What this task involves >> Among the entries that follow, locate the line with "As happy as" and the line with "and B1 (thiamin).". Output those lines and all lines in between, exactly, minus the pictures.

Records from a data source
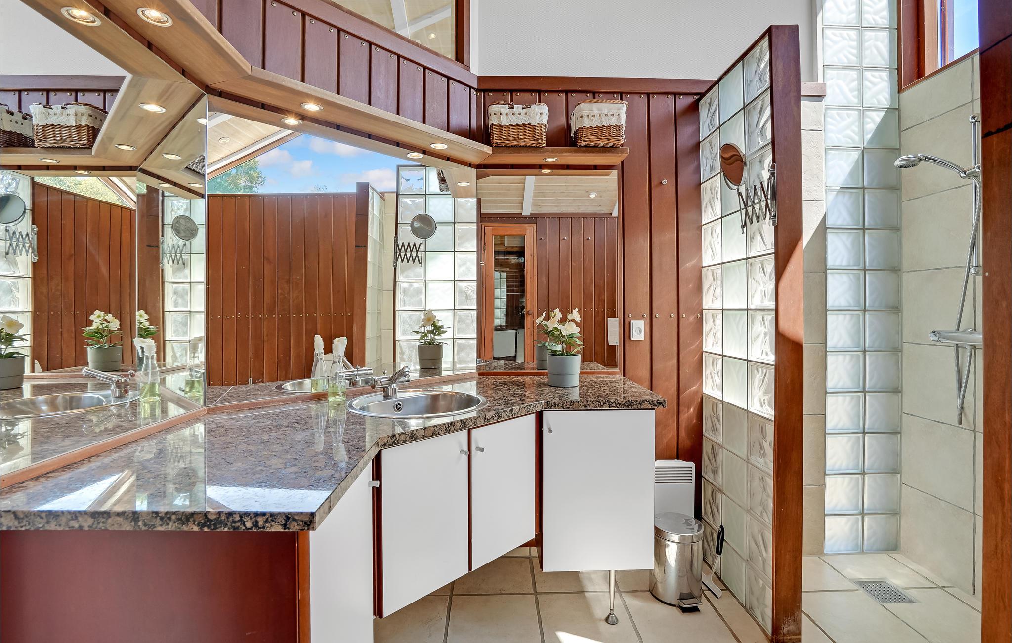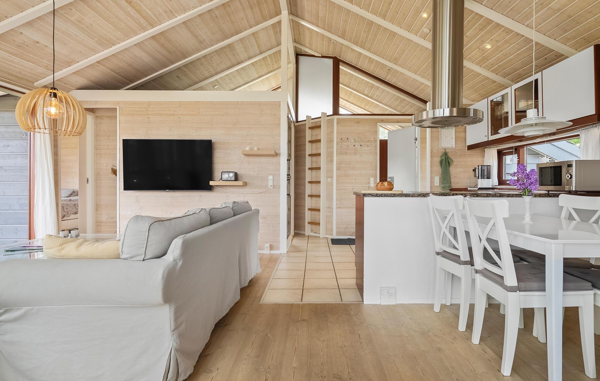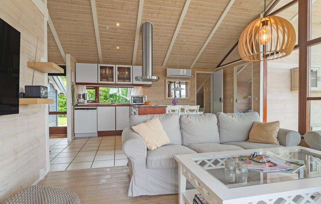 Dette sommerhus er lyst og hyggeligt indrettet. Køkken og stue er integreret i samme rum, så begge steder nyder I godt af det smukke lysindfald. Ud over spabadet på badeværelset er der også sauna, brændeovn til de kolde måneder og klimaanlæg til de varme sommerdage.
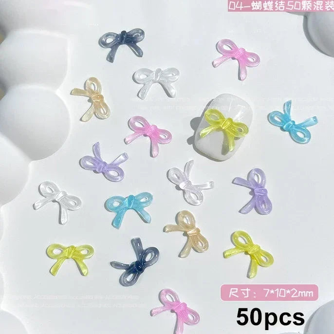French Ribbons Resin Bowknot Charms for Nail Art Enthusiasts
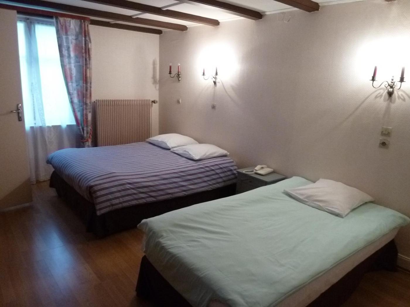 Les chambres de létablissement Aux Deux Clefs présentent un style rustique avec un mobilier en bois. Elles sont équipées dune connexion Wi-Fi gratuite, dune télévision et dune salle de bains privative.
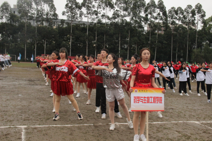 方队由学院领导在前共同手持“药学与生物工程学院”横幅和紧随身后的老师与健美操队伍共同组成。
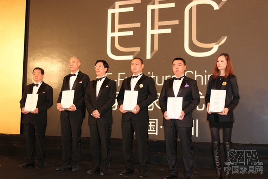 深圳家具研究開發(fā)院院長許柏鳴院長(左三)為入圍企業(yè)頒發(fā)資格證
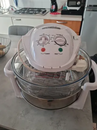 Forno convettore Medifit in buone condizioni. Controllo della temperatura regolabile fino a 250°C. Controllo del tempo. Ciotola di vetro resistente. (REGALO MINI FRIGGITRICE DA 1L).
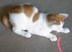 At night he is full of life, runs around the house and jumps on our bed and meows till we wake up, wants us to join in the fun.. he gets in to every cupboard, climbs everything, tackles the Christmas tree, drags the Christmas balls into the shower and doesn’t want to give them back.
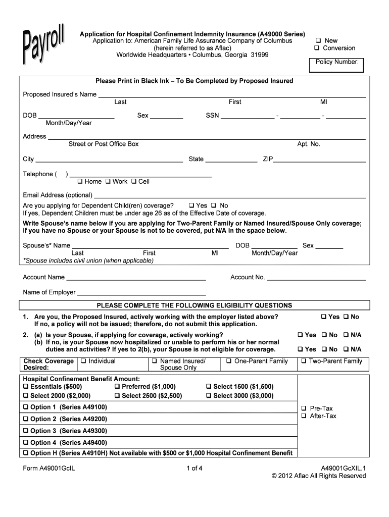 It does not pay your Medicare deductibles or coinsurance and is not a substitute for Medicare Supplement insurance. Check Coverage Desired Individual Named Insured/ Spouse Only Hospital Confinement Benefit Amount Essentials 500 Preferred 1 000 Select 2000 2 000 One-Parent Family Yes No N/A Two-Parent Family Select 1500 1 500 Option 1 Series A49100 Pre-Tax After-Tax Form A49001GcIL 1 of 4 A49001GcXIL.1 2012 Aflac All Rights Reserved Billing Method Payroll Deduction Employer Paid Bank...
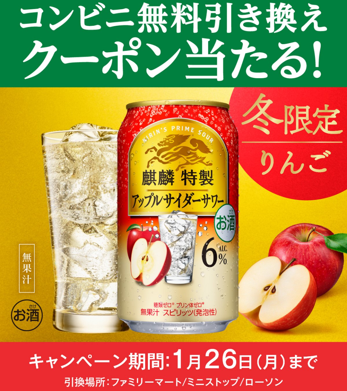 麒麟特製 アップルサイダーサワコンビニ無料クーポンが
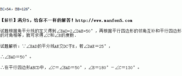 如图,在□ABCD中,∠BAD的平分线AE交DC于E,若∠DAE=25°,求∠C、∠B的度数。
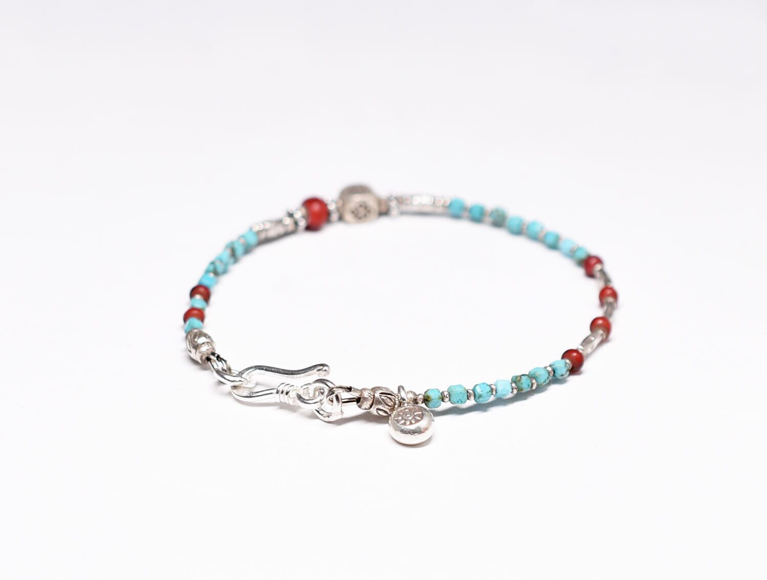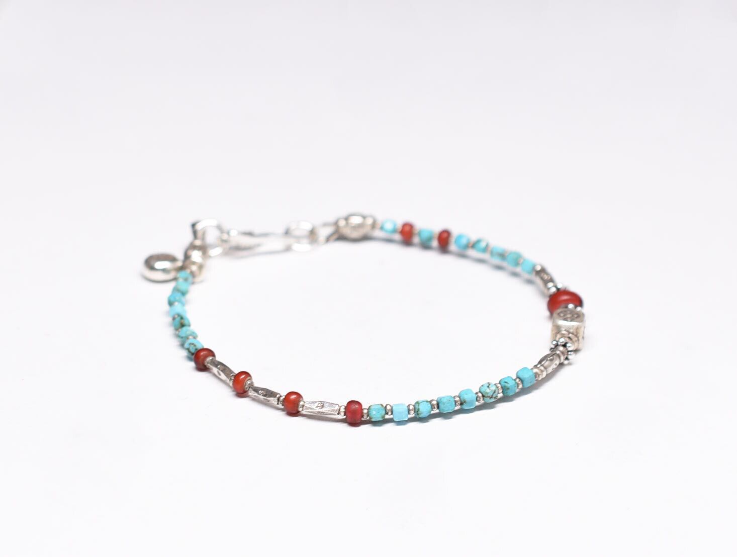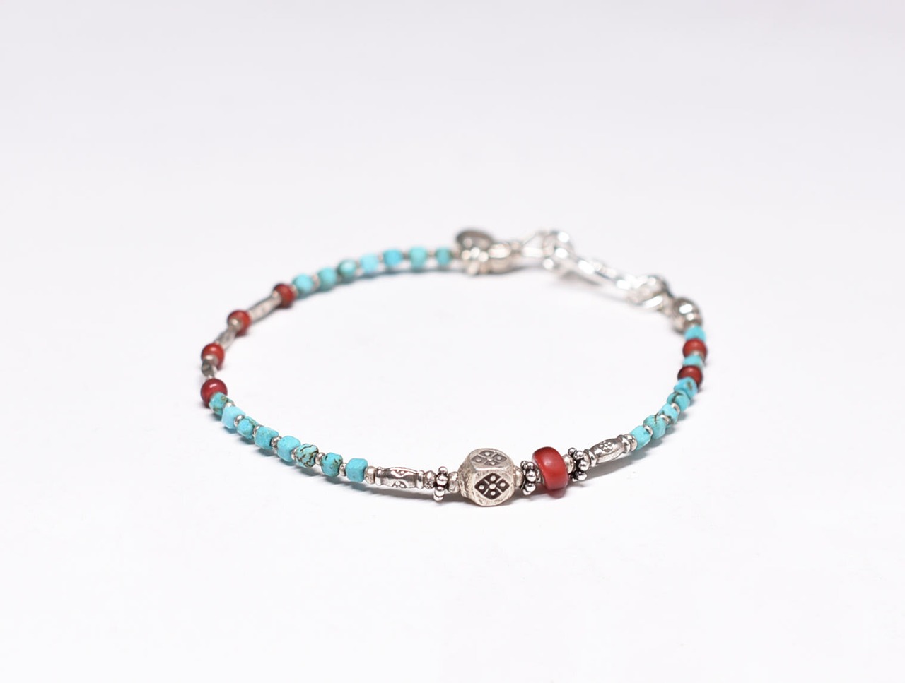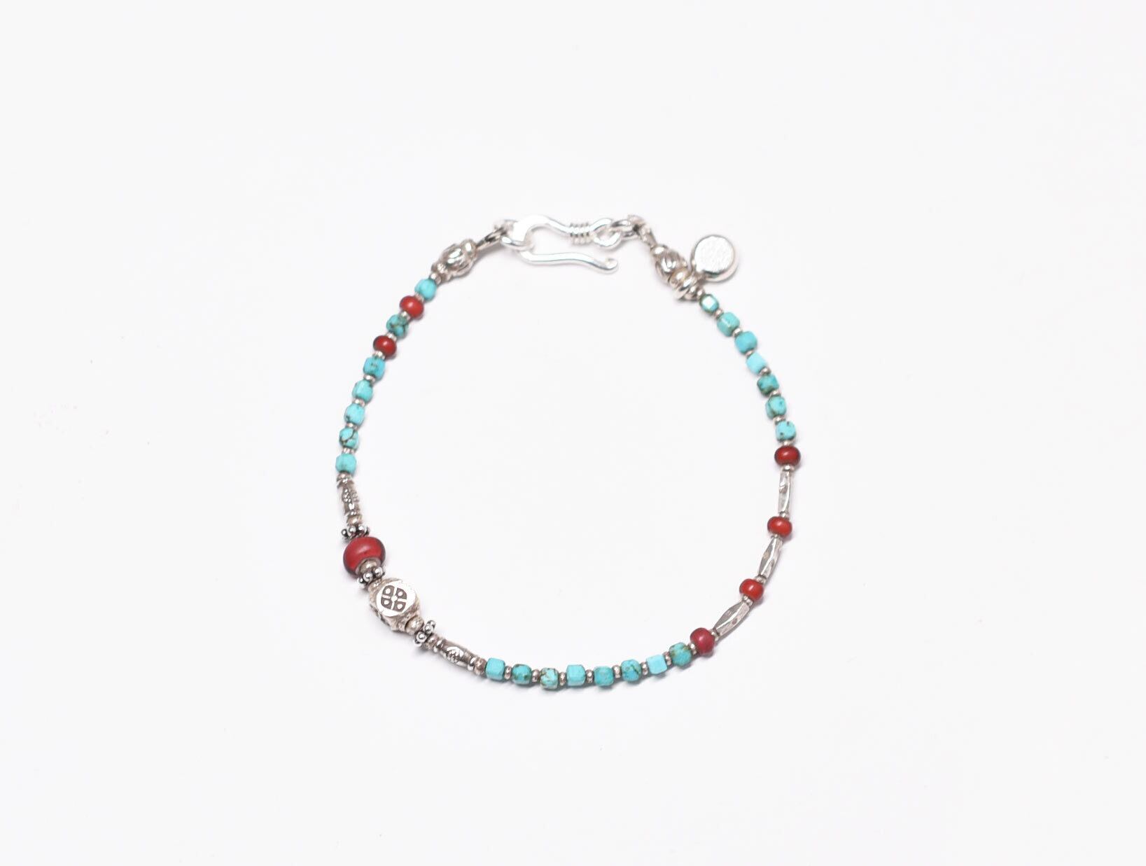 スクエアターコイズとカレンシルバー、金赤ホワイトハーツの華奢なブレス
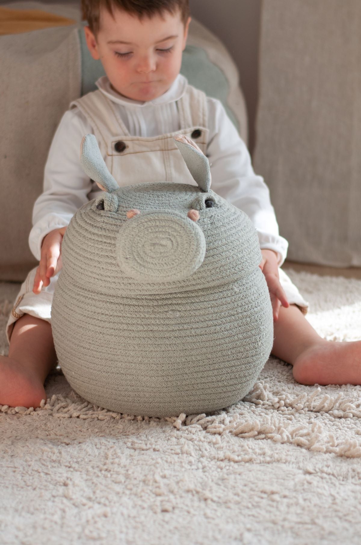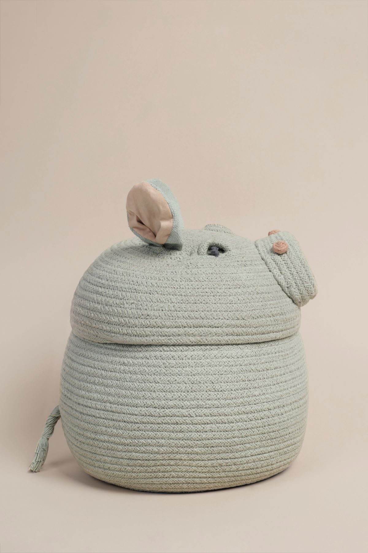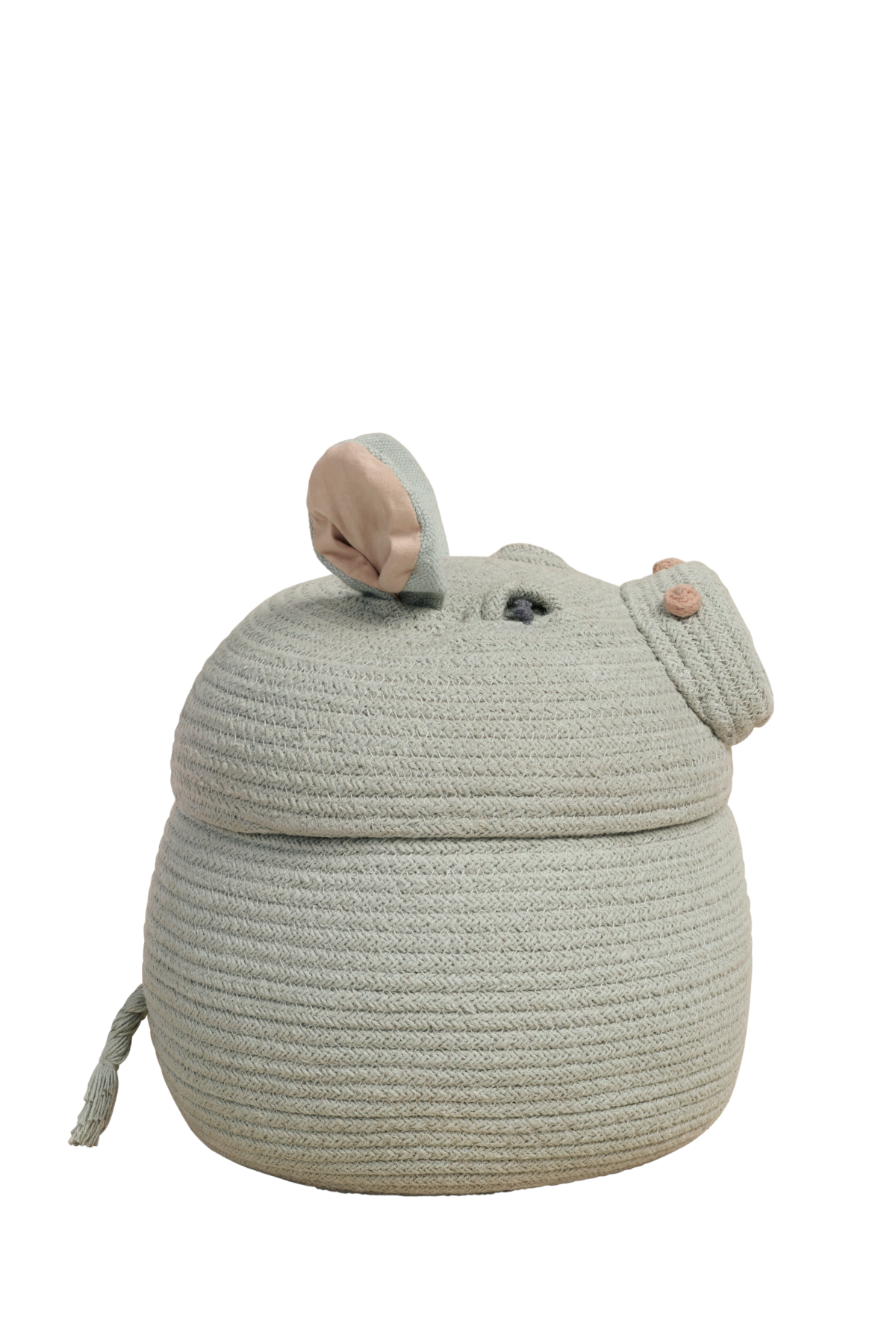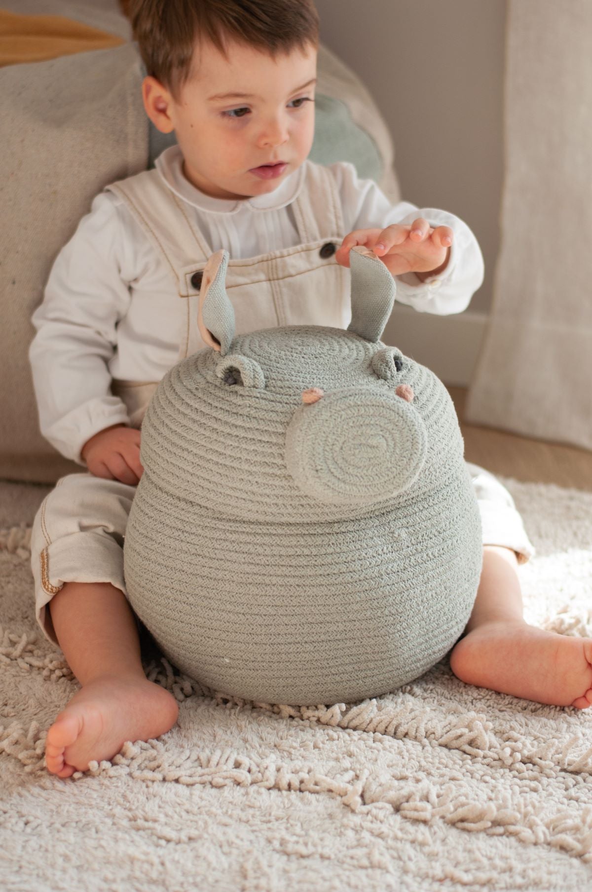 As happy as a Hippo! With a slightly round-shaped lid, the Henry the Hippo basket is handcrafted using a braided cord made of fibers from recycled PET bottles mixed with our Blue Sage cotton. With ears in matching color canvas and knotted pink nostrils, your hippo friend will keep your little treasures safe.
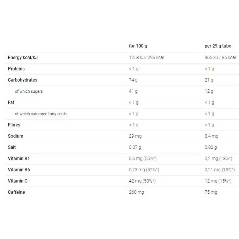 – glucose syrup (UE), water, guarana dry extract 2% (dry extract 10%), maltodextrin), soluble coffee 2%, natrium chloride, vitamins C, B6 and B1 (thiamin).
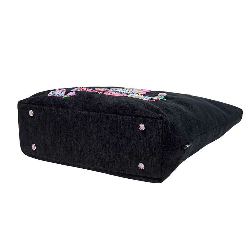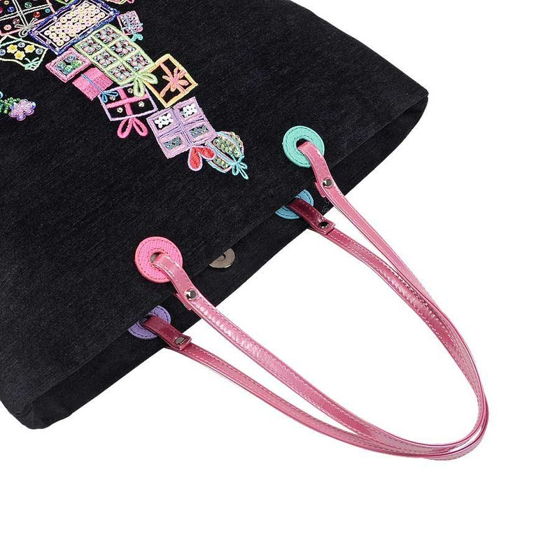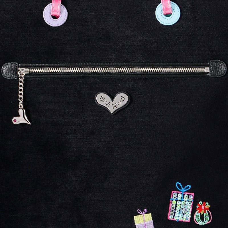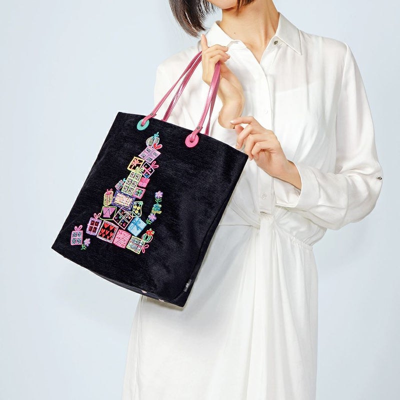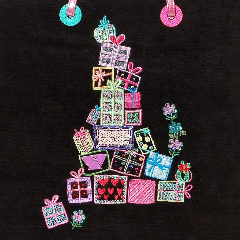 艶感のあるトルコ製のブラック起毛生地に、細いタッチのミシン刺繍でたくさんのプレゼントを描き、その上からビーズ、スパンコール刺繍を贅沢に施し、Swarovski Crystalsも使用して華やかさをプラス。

Result of the exercise >>
 As happy as a Hippo! With a slightly round-shaped lid, the Henry the Hippo basket is handcrafted using a braided cord made of fibers from recycled PET bottles mixed with our Blue Sage cotton. With ears in matching color canvas and knotted pink nostrils, your hippo friend will keep your little treasures safe.
 – glucose syrup (UE), water, guarana dry extract 2% (dry extract 10%), maltodextrin), soluble coffee 2%, natrium chloride, vitamins C, B6 and B1 (thiamin).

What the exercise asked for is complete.